Your task => Please copy the data below exactly; none of the pictures in it belong in the copy.

++++ Data below

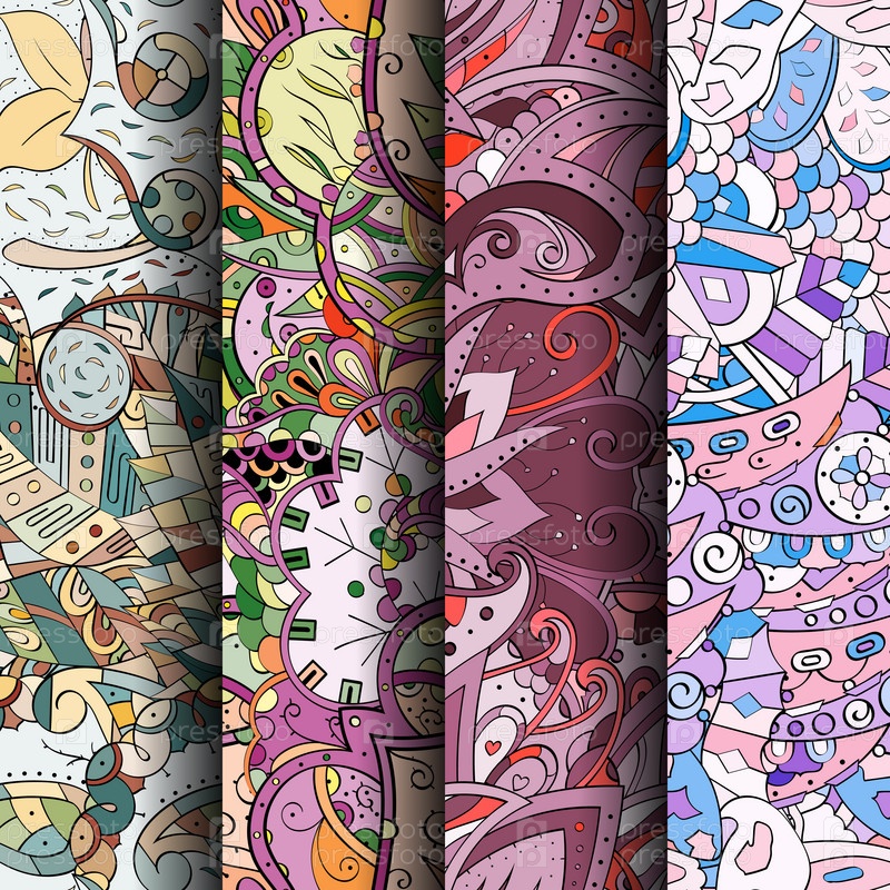 Набор ажурных красочных бесшовных узоров
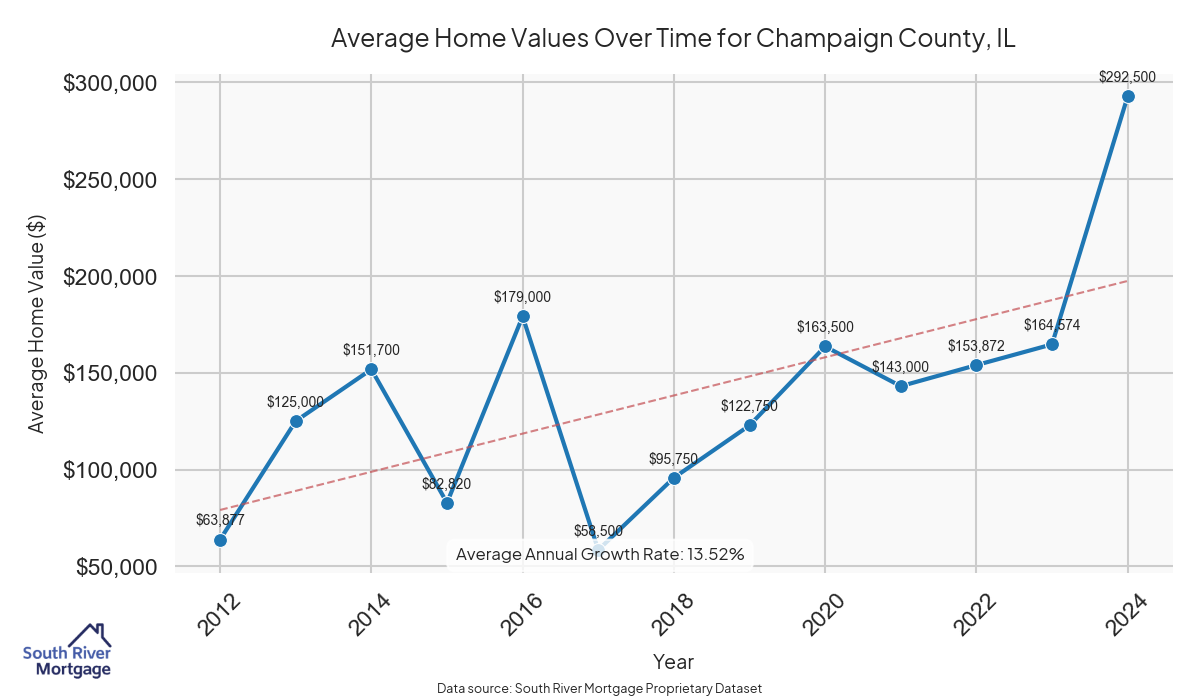 In 2024, there were 47 active reverse mortgage loans in Champaign County, Illinois. The average home value in Champaign County is $214,496.00.
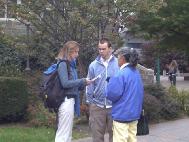 中午12时我们刚刚挂好大法横幅,支起大展板,一群大学生走过来。一个叫克瑞思 (Chris) 的学生指着我们的展板告诉他的同学:他亲眼目睹了中国警察在天安门广场毒打法轮大法学员。他说:“我是在天安门广场上了解法轮功的。作为交换学生我在中国学习一年,我和我的美国朋友在天安门广场旅游拍照时,我们看见法轮功学员在天安门广场静静的举起横幅,中国警察看见就拳打脚踢,将法轮功学员拖进警车带去公安局。我的两个美国朋友拍摄了警察打人的照片,照片的底片被没收,警察还无理的拘留了他们。”

++++++++

Response to the task =>
 Набор ажурных красочных бесшовных узоров
 In 2024, there were 47 active reverse mortgage loans in Champaign County, Illinois. The average home value in Champaign County is $214,496.00.
 中午12时我们刚刚挂好大法横幅,支起大展板,一群大学生走过来。一个叫克瑞思 (Chris) 的学生指着我们的展板告诉他的同学:他亲眼目睹了中国警察在天安门广场毒打法轮大法学员。他说:“我是在天安门广场上了解法轮功的。作为交换学生我在中国学习一年,我和我的美国朋友在天安门广场旅游拍照时,我们看见法轮功学员在天安门广场静静的举起横幅,中国警察看见就拳打脚踢,将法轮功学员拖进警车带去公安局。我的两个美国朋友拍摄了警察打人的照片,照片的底片被没收,警察还无理的拘留了他们。”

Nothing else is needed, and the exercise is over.